Literature was consulted to determine attributes for administrative corruption. Other researchers can reuse the dataset and can be easily downloaded from the Mendeley Data repository.1

The data in this article are composed of all civil servants from Federal District Government (Brazilian Public Administration), involves the reported cases of dismission by corruption, and aggregate 26 attributes related to four domain areas extract from eight databases.

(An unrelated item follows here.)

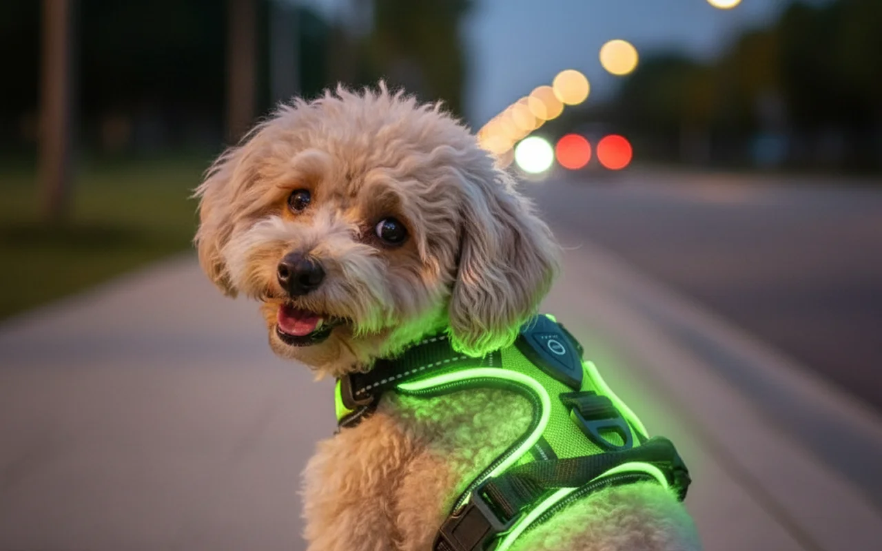 I love how visible Spike is now. The bright lights and soft straps keep him happy during evening runs. It feels really safe too.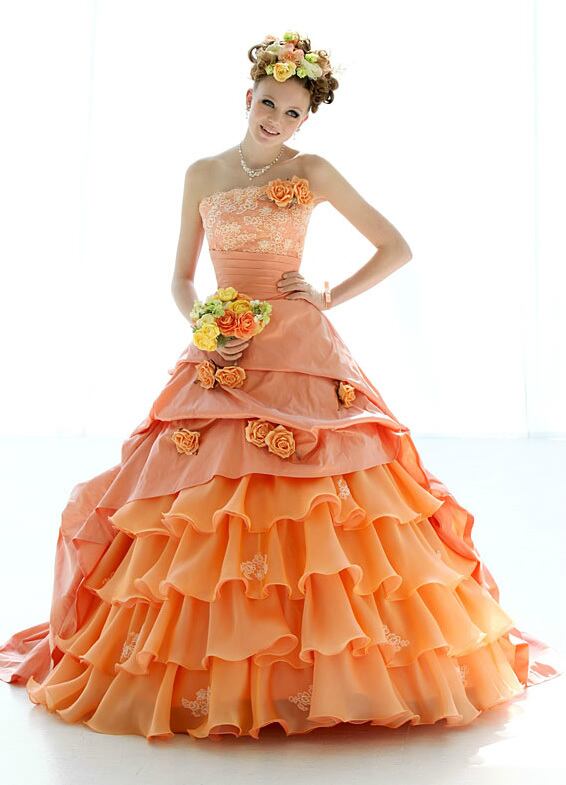 送料無料!人気上昇! オレンジ カラードレス 柔らかく重ねたチュールスカート カート プリンセスライン 2次会 花嫁 ロングトレーン オーバ 結婚式/披露宴

These four domains are related by sources provided and are:

•
Corruption Domain (C) aggregate data corresponding to illegal acts committed by civil servants or militaries or companies that they are owners;
•
Employment domain (E) provide servant's registrations from Human Resources Management System like income and number of coordination roles;
•
Political Domain (P) covers data related to political activities; and
•
Business Domain (B) presents company features that civil servants and militaries are owners.

1.1. The descriptive statistics

The dataset is composed of 27 attributes, part of them are integer and numeric attributes (Table 2), other attributes are categorical (Table 3), and a few of them are Boolean (Table 4).

Table 2.

Integer and numeric attributes.

Dim	Attribute	Min	25%	Median	75%	max	mean	std
E	Salary (Real BR)^⁎	0.01	4651.28	7866.74	1464.63	40,140.21	9473.91	9752.79
E	SalaryMinusTax	0.00	3455.90	5388.11	8111.12	30,162.96	6725.79	8178.93
E	QtySIGRHOff	0.00	0.00	0.00	1.00	20.00	0.75	1.61
E	QtySIAPEOff	0.00	0.00	0.00	0.00	8.00	0.37	0.99
E	QtySIGRHSIAPEOff	0.00	0.00	0.00	2.00	20.00	1.12	1.85
E	QtySIGRHfunc	0.00	1.00	1.00	2.00	13.00	1.42	0.87
E	QtySIAPEfunc	0.00	0.00	0.00	0.00	4.00	0.03	0.23
E	QtySIGRHSIAPEfunc	0.00	1.00	1.00	2.00	13.00	1.45	0.91
B	OwnershipPerc	0.00	0.00	0.00	0.00	100.00	9.03	22.54
B	QtFirmActivities	0.00	0.00	0.00	1.00	11.00	0.79	1.81
B	DaysOwnership	0.00	0.00	0.00	499.00	43,795.00	917.40	2054.12

Open in a new tab

^⁎

Brazilian currency - Real.

Table 3.

Categorical attributes.

Dim	Attribute	Number of Categories	N° of examples
P	ElectivePosition	8	1317
P	CodParty	32	1317
P	CandElectiveStatus	5	1317
P	CandEducationLevel	6	1317
P	CandMaritalStatus	5	1317
P	CodRoundStatus	7	1317
B	TypeOfOwnership	2	86,058
B	CodFirmActivity	976	86,058
B	CodFirmLegal	33	86,058
B	CodFirmStatus	5	86,058
B	CodFirmSize	3	86,058
B	CodFirmTaxOption	5	86,058

Open in a new tab

Table 4.

Boolean attributes.

Dim	Attribute	True	False
C	CorruptionTG	428	302,608
C	CEIS	132	302,904
C	TCDFrestriction	274	302,762
C	CEPIM	0	303,036

Open in a new tab

All boolean attributes (Table 4) belong to Corruption Domain.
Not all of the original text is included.